# Task to complete
Beneath this line are entries. Copy the range from the line with "A boy, frustrated" to the line with "Zərif ziyafət donu", ends included, exactly; leave pictures out.

# Provided records
= Beginning of Section =

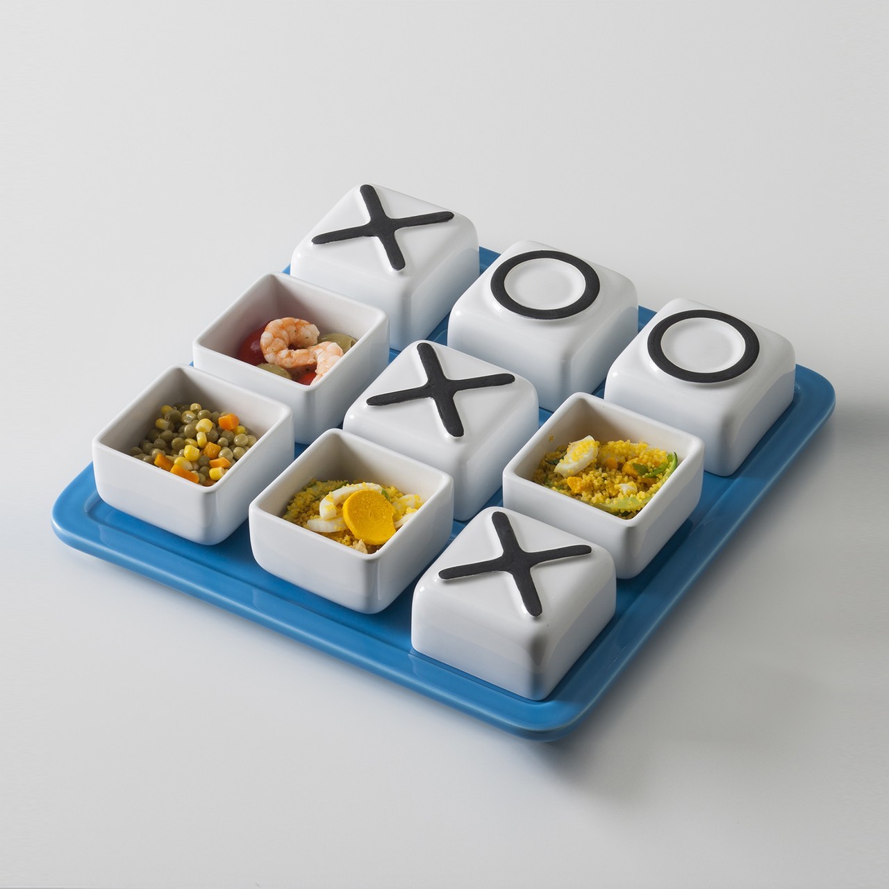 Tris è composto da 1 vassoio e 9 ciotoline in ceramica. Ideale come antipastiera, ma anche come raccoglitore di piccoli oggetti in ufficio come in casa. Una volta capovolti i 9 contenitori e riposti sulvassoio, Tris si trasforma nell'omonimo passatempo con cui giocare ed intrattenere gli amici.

= End of Section =
= Beginning of Section =

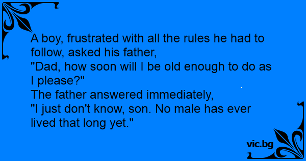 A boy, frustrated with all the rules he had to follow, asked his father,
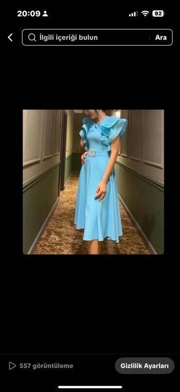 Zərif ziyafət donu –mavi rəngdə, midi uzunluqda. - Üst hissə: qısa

= End of Section =

# Written answer
 A boy, frustrated with all the rules he had to follow, asked his father,
 Zərif ziyafət donu –mavi rəngdə, midi uzunluqda. - Üst hissə: qısa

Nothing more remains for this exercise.